Le matin du 2 octobre, des soldats maliens appuyés par des miliciens dozos ont fait irruption dans le village de Kamona. Selon des témoignages recueillis sur place, ces derniers ont méthodiquement traqué les hommes présents, les accusant de collaborer avec le GSIM. 21 hommes âgés de 20 à 65 ans ont été abattus, dont 17 corps retrouvés sous un arbre et quatre autres plus au nord. Parallèlement, au moins 10 cases et 3 hangars appartenant à des Peuls ont été incendiés.

Un survivant, âgé de 40 ans, a décrit l’horreur : « Les corps étaient criblés de balles, certains avaient la tête fracassée. J’ai retrouvé des douilles autour des cadavres. » Les habitants ont enterré 17 victimes dans une fosse commune, tandis que quatre autres corps, tous présentant des blessures par balle, ont été inhumés plus loin. Plusieurs témoins évoquent la disparition d’au moins 15 autres hommes, dont les traces n’ont pas pu être retrouvées par crainte de représailles.

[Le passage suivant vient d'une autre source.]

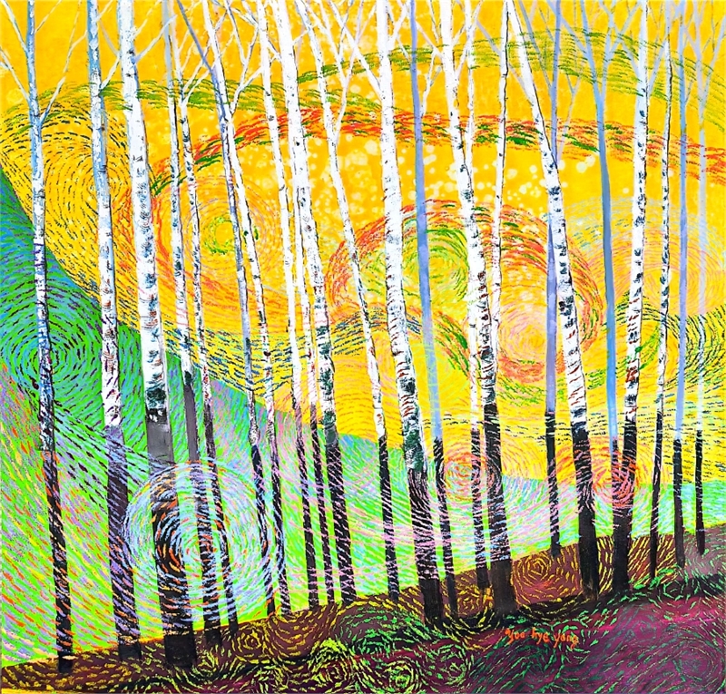 햇살을 머금은 자작나무들이 하늘을 향해 뻗어있는 그림 앞에 섰을 때, 저도 모르게 미소 짓게 되었습니다. 마치 하늘을 향해 찬양을 드리는 것 같은 하얀 나무들 사이로 붉은 노을이 쏟아지고 있었거든요.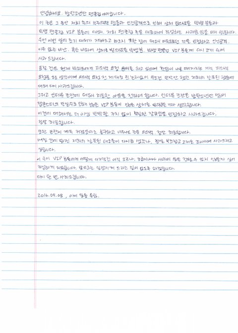 이삐들 빅3뱅 사과문 자필 쓴다는 이삐 아닌데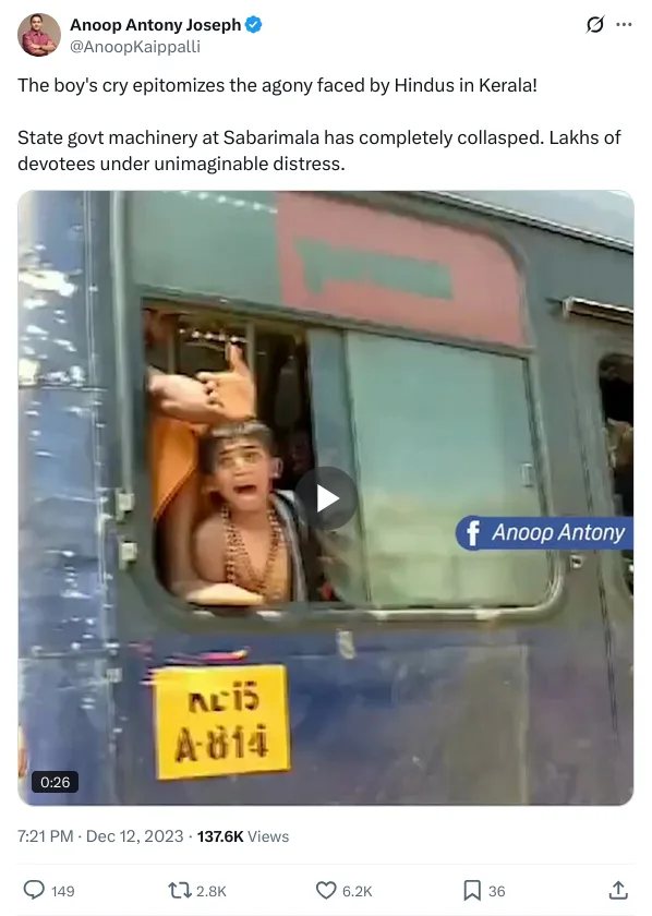 കേരളത്തിലെ ബി ജെ പി ജനറൽ സെക്രട്ടറി അനൂപ് ആന്റണി ജോസഫിന്റെ അക്കൗണ്ട് ഈ വിഭാഗത്തിൽ പ്രധാനപ്പെട്ടതാണ്. 2023 ഡിസംബർ 12ന്, തെറ്റിദ്ധാരണ പരത്തുന്ന ചില വർഗീയ പ്രചാരണങ്ങൾ അനൂപ് ആന്റണി എക്സിൽ നടത്തി. ‘ശബരിമല തീർത്ഥാടകരോടുള്ള സർക്കാരിന്റെ ക്രൂരത’യെന്ന തെറ്റായ അടിക്കുറിപ്പോടെ, ഏഷ്യാനെറ്റ് ന്യൂസിൽ വന്ന ഒരു വീഡിയോ ശകലം അനൂപ് ആന്റണി എക്സിൽ പോസ്റ്റ് ചെയ്യുകയായിരുന്നു. പോസ്റ്റിന് നിലവിൽ 1,37,600 കാഴ്ചക്കാരും 6200 ലൈക്കുകളുമുണ്ട്. 2800 പേർ പോസ്റ്റ് റീപോസ്റ്റ് ചെയ്തിട്ടുമുണ്ട്.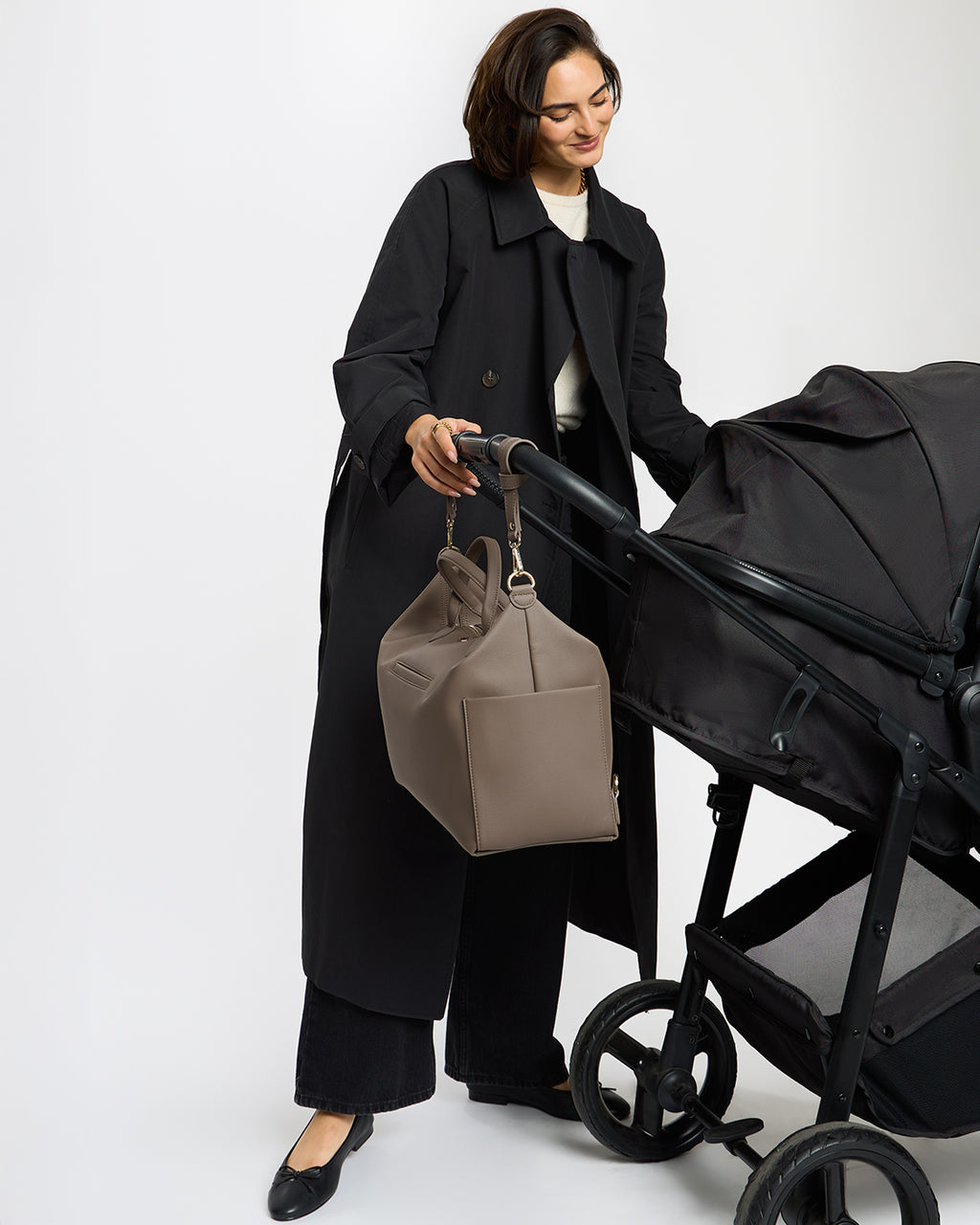 Works great and looks great on the stroller! I use this with my Harlow instead of using a stroller caddy because I am an overpacker..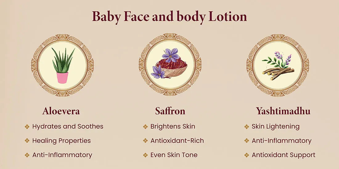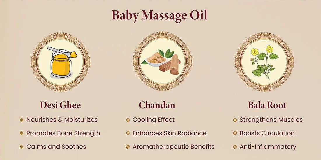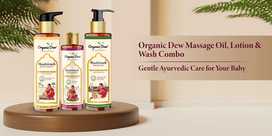 Nourish your little one with our 100% natural baby care product range inspired by Ayurveda, prioritizing their good health. Our baby care products have no added fragrance and colours, ensuring the preservation of their natural charm. Massage Oil, Body Wash and Body Lotion are toxin-free and have no mineral oils, offering peace of mind for you and your precious one.
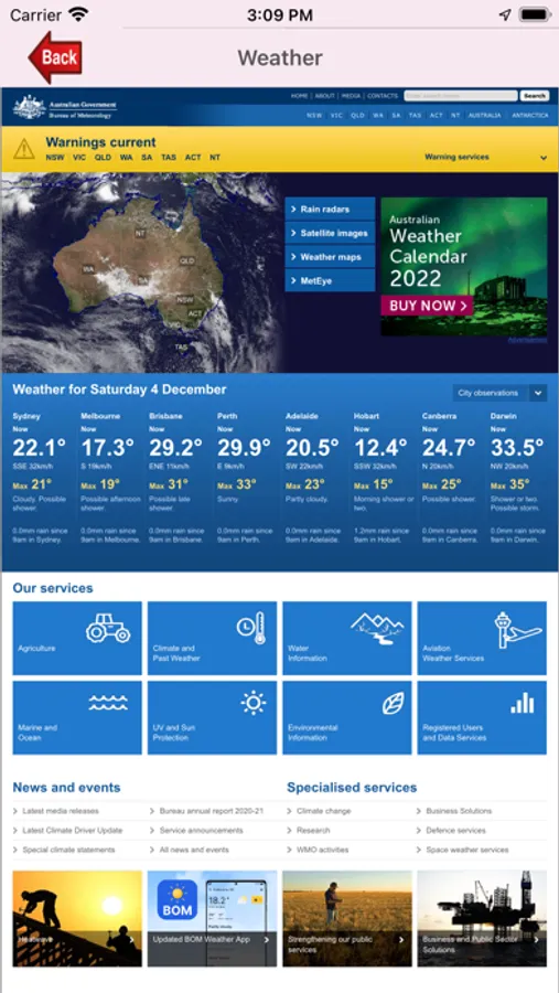 Weather - This website shows the 7-day forecast on the current weather conditions in Melbourne.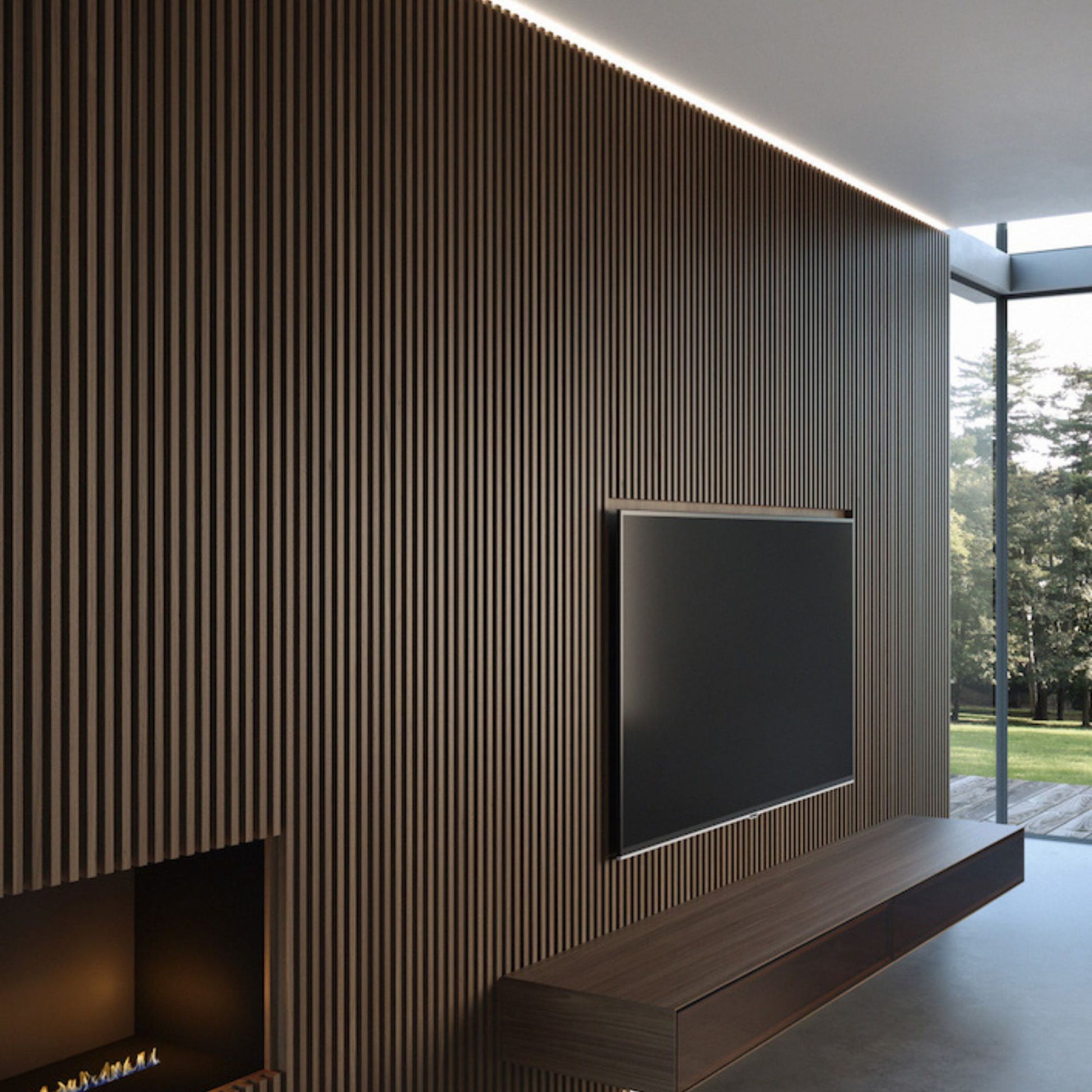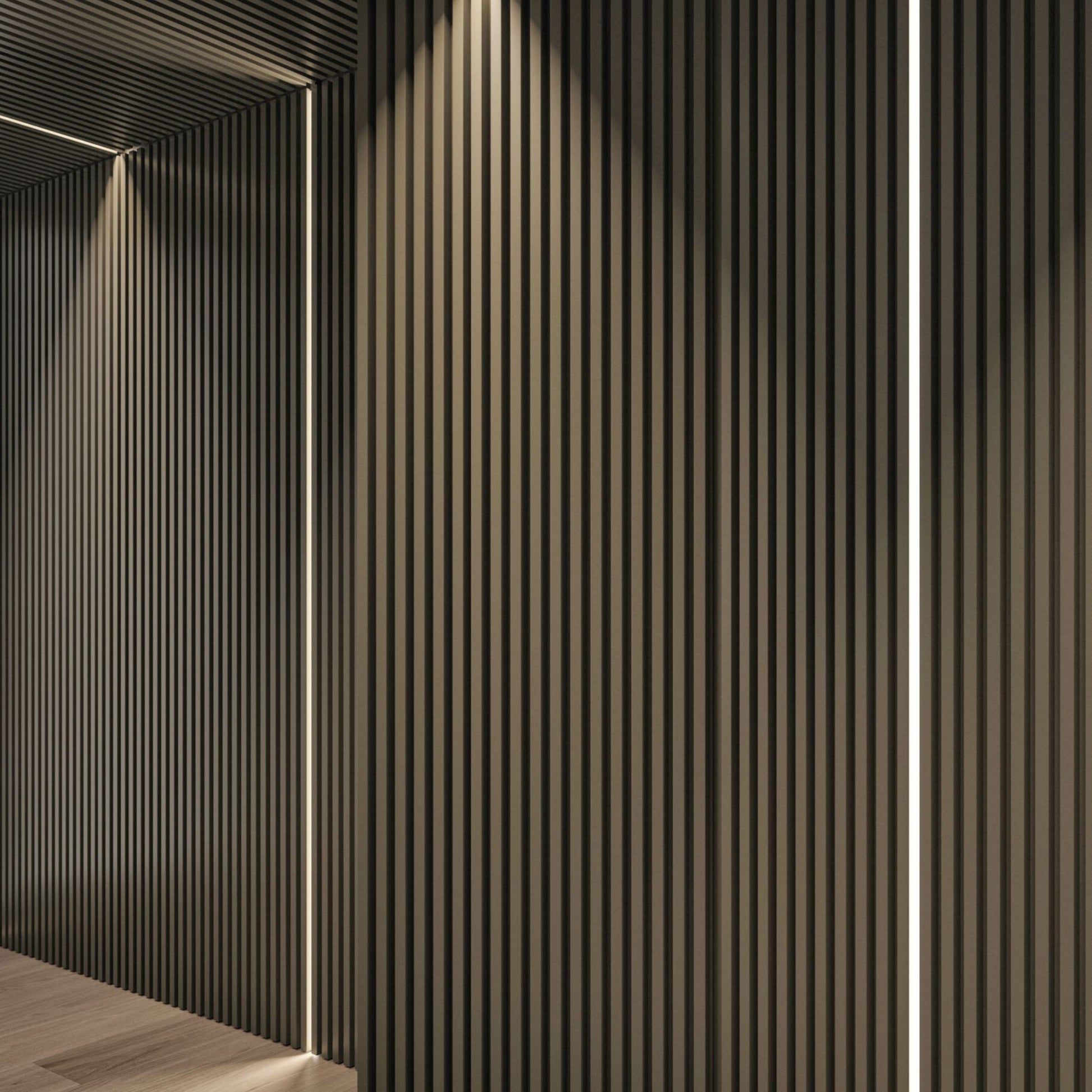 Non si tratta solo di pannelli per rivestire le pareti, ma di componenti stilistiche che giocano con luce e profondità grazie alle doghe verticali, creando effetti dinamici e raffinati.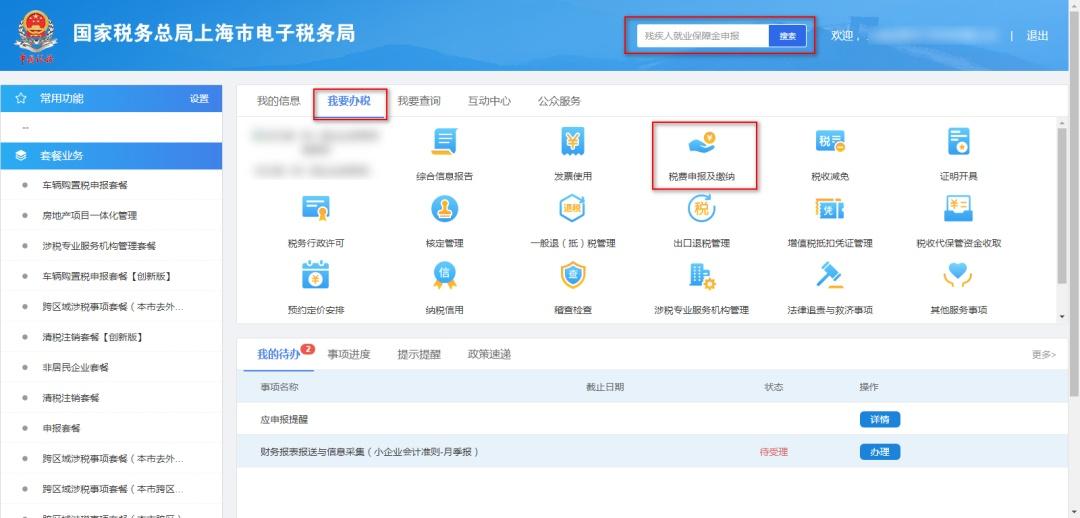 搜索【残疾人就业保障金申报】或通过:我要办税—税费申报及缴纳—非税申报—【残疾人就业保障金申报】进入残保金申报模块。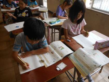 上から下へ書くかん字や左から右へかくかん字をたくさん見つけました。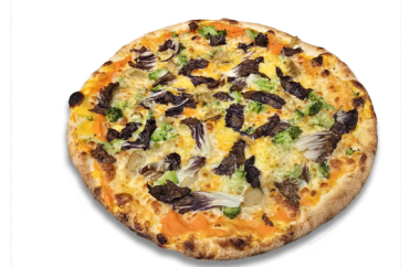 Tomatensauce, Premium Mozzarella, Bio-Spinat, Broccoli, Artischocken, Bio-Peperoni, Knoblauch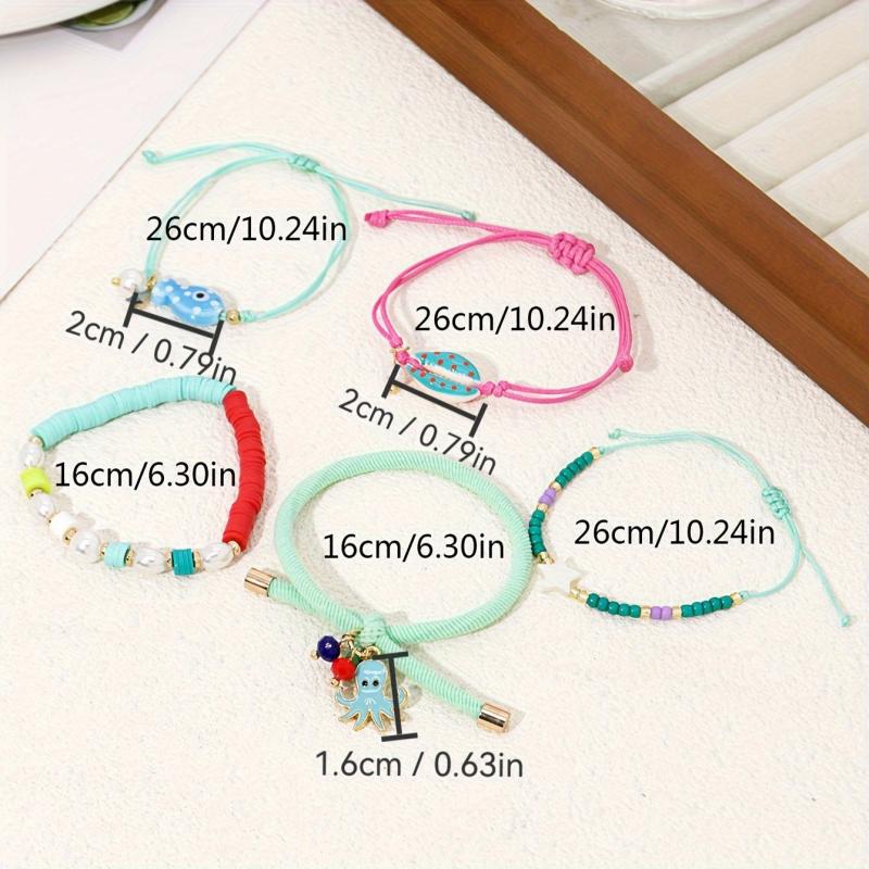 Add a touch of bohemian flair to your outfit with this 5-piece bracelet set. Featuring mixed glass, fish, shell, and octopus pendants, these bracelets are perfect for vacations, parties, and daily wear.

Balle, le 13 octobre : 10 civils tués dont une femme

Treize jours plus tard, c’est le village de Balle, situé à 55 km de Kamona, qui a été frappé. Vers 13 heures, des militaires à bord de véhicules et des miliciens dozos à moto ont encerclé la localité. Sous la menace, certains habitants ont fui, tandis que d’autres ont été victimes de violences. Neuf hommes et une femme de 55 ans ont été exécutés, et plus de 100 têtes de bétail volées.

Un homme de 33 ans a témoigné : « Les corps gisaient au centre du village, certains avec des membres brisés. Ils avaient tous été abattus. » La fille de la victime féminine a raconté l’effroi de sa mère, abattue après avoir interpellé les soldats sur leur brutalité. « Elle s’est dirigée vers eux en les insultant, ils l’ont exécutée parmi les hommes. »

Un contexte de tensions et d’impunité

Ces massacres s’inscrivent dans une dynamique de violence croissante dans le centre du Mali, où les forces gouvernementales affrontent régulièrement le GSIM. Depuis 2012, le conflit a fait des milliers de morts et déplacé plus de 400 000 personnes. Les populations locales, souvent prises entre deux feux, subissent des exactions des deux côtés.

À Balle, sous contrôle du GSIM depuis des années, les habitants payaient une zakat aux djihadistes pour régler les litiges. « L’armée ne fait aucune distinction entre nous et les terroristes. Elle nous considère tous comme des ennemis. », a expliqué un villageois. Cette confusion alimente les cycles de représailles et aggrave la crise humanitaire.

L’armée malienne pointe des « opérations de contre-terrorisme »

Le 14 octobre, le chef d’État-Major des Armées a affirmé que l’opération du 13 octobre avait permis de « neutraliser une vingtaine de terroristes » et de saisir du matériel. Pourtant, les témoins démentent tout affrontement à Balle ce jour-là, soulignant que les djihadistes avaient quitté les lieux avant l’arrivée des militaires.

Cette version officielle contraste avec les récits des survivants, qui décrivent des exécutions ciblées et des pillages. Les crimes commis par les forces gouvernementales et leurs alliés s’ajoutent à ceux attribués aux groupes armés, créant un climat de terreur pour les civils.

Quelles réponses face à l’impunité ?

Le Mali, bien que retiré de la Cour pénale internationale (CPI) en 2025, reste sous le coup d’une enquête ouverte depuis 2013 pour crimes de guerre. Pourtant, les mécanismes de justice restent inefficaces. L’Union africaine (UA), dont le mandat inclut la promotion de la paix, n’a jusqu’ici pris aucune mesure concrète, se limitant à des déclarations de préoccupation.

Les observateurs soulignent l’urgence d’une action régionale et internationale pour mettre fin à l’impunité. « Le Conseil de paix et de sécurité de l’UA doit faire de ce conflit une priorité absolue. », a plaidé une experte, appelant à des réunions régulières et à une coordination renforcée pour traduire les responsables en justice.

En attendant, les villages de Kamona et Balle incarnent le drame d’un pays où la population paie le prix d’un conflit sans fin. Entre exactions militaires et violence jihadiste, les civils restent les premières victimes d’une guerre qui n’épargne personne.